I am not releasing any ancient buried secret here. Jews and Chinese food have a history.
Many of my Jewish cookbooks have Chinese recipes in them. I’ve always been entertained and amused by that.
In New York City, back in the day, it has been said you could tell how Jewish a neighborhood was by the number of available Chinese restaurants. They were often on every corner.
There are even old jokes that circulated about Jews, Chinese people and food…they always crack me up…
If, according to the Jewish calendar, the year is 5764, and, according to the Chinese calendar, the year is 5724, what did the Jews eat for forty years? Ha! I love that.
and another
Two Chinese men are walking out of Katz’s Delicatessen. One says to the other, “The problem with Jewish food is that two weeks later you’re hungry again.” Bwahahahahahahaha!
Anyway, in Brooklyn, there were even many kosher Chinese restaurants (I’m not sure if there are any left). For many Jewish families it was a Sunday ritual to patronize these often upscale Chinese eateries. In Los Angeles, on Fairfax, I know of a New York style Chinese restaurant named, Genghis Cohen, an obvious play on words.
There are many reasons the Jews love Chinese cuisine, most of them religious, some forbidden and the fact the Chinese did not combine dairy and meat in the same dish was also a draw for Jewish people following strict dietary laws.
Overall, it works for them.
Personally, I love Chinese food, especially this Chinese-American Chow Mein. Whether you are Jewish or not, you will love this dish.
Let’s make it together…
Here’s what you will need: Onions, celery, mushrooms, chicken stock, dry sherry, soy sauce, cornstarch, bean sprouts, water chestnuts, cooked chicken and fried chow mein noodles. Ingredients not shown: Peanut oil and garlic.

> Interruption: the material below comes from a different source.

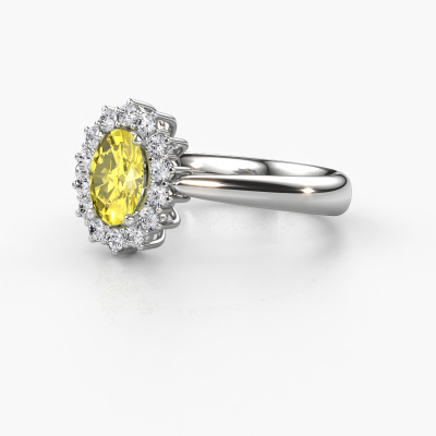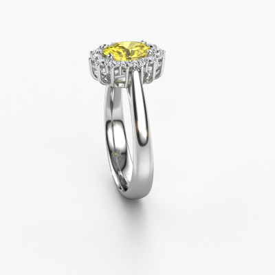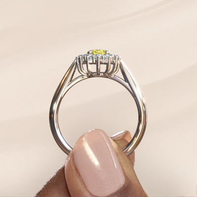 The ring shown above is called the Margien 1. We call this a Lady Diana ring. With an Lady Diana engagement ring, the larger centre gem is encircled by smaller side stones. This 14 Carat white gold ring is set with a 7x5 mm oval yellow lab grown diamond gemstone, surrounded by smaller diamonds side stones. It's the most famous and celebrated engagement ring in the world; The Lady Diana ring. Exclusively meant for the most remarkable person in your life! A truly stunning aspect of this Lady Diana ring is its centre yellow lab grown diamond. The smaller side stones embracing the yellow lab grown diamond emphasize the sparkle of the centre gemstone, this makes it look as though they merge into one big gemstone. Due to its design, this is even more apparent in the Lady Di ring. Our expert Goldsmiths are keen to create a unique ring just for you. We can even customize the ring to your liking in our own crafting studio. This piece of jewellery is made just for you by our master goldsmiths in our own studio.After receiving your order, our goldsmiths will start the creative process of making your Margien 1 engagement ring. We don't keep stock. This is advantageous because these costs will not be passed on to you. Therefore, we can offer jewellery at exceptionally low prices.Our designers and goldsmiths work together each day, creating new jewels. Perhaps you have found a nice traditional engagement ring somewhere, which can be used to customize your unique ring. Please feel free to contact us. We will make you an offer, based on a fair price/ quality ratio, which will amaze you.To make it easier for you, we offer a 30 day return policy. Check our terms and conditions.

In a small pouring vessel, combine 2 Tablespoons soy sauce, 2 Tablespoons dry sherry, 1/4 cup chicken stock and 4 teaspoons cornstarch. Set aside.
In a large wok or skillet over medium-high heat, heat 2 Tablespoons peanut oil until the oil is very hot but not smoking. Add onions and celery and stir fry for about 5 minutes.
Add 2 cloves crushed garlic and 1-1/2 cups sliced white mushrooms; stir-fry for one minute. Add 1 cup of remaining chicken stock, cover the pot and simmer for four minutes, until vegetables are tender.
Uncover the pot and stir in 1 cup fresh bean sprouts and 1/2 cup sliced water chestnuts.
Add cornstarch mixture to the pot and stir it until the liquid in the pot has thickened. Taste for seasoning. You may want to add salt or more soy sauce.
Serve immediately on a bed of fried Chinese chow mein noodles. Top with 2 cups of sliced, cooked chicken you have prepared any way you choose.
It’s soooooooooooo yummy! You must try it.
Even my kids love this and they can be VERY picky. It must be the crunchy noodles.
Chinese-American Chow Mein
Adapted from Jewish Home Cooking
2 Tablespoons peanut, canola or corn oil
2 medium-large onions, peeled, cut in half through the root end, and thinly sliced (about 3 cups)
5 ribs celery, thinly cut on a sharp diagonal (about 2 cups)
2 large cloves garlic, crushed
1-1/2 cups sliced white mushrooms
1-1/4 cups chicken stock (or broth), divided
2 Tablespoons dry sherry, dry madeira or in a pinch dry red wine
2 Tablespoons soy sauce
4 teaspoons cornstarch
1 cup fresh bean sprouts
1/2 cup sliced water chestnuts
2 cups white meat chicken, cooked any way you choose, sliced into strips
Fried Chinese chow mein noodles
In a small pouring vessel, combine soy sauce, dry sherry, 1/4 cup chicken stock and cornstarch. Set aside.
In a large wok or skillet over medium-high heat, heat oil until the oil is very hot but not smoking. Add onions and celery and stir fry for about 5 minutes.
Add garlic and mushrooms; stir-fry for one minute. Add 1 cup of remaining chicken stock, cover the pot and simmer for four minutes, until vegetables are tender. Uncover the pot and stir in bean sprouts and water chestnuts. Add cornstarch mixture to the pot and stir it until the liquid in the pot has thickened. Taste for seasoning. You may want to add salt or more soy sauce.
Serve immediately on a bed of fried Chinese chow mein noodles. Top with chicken you have prepared any way you choose.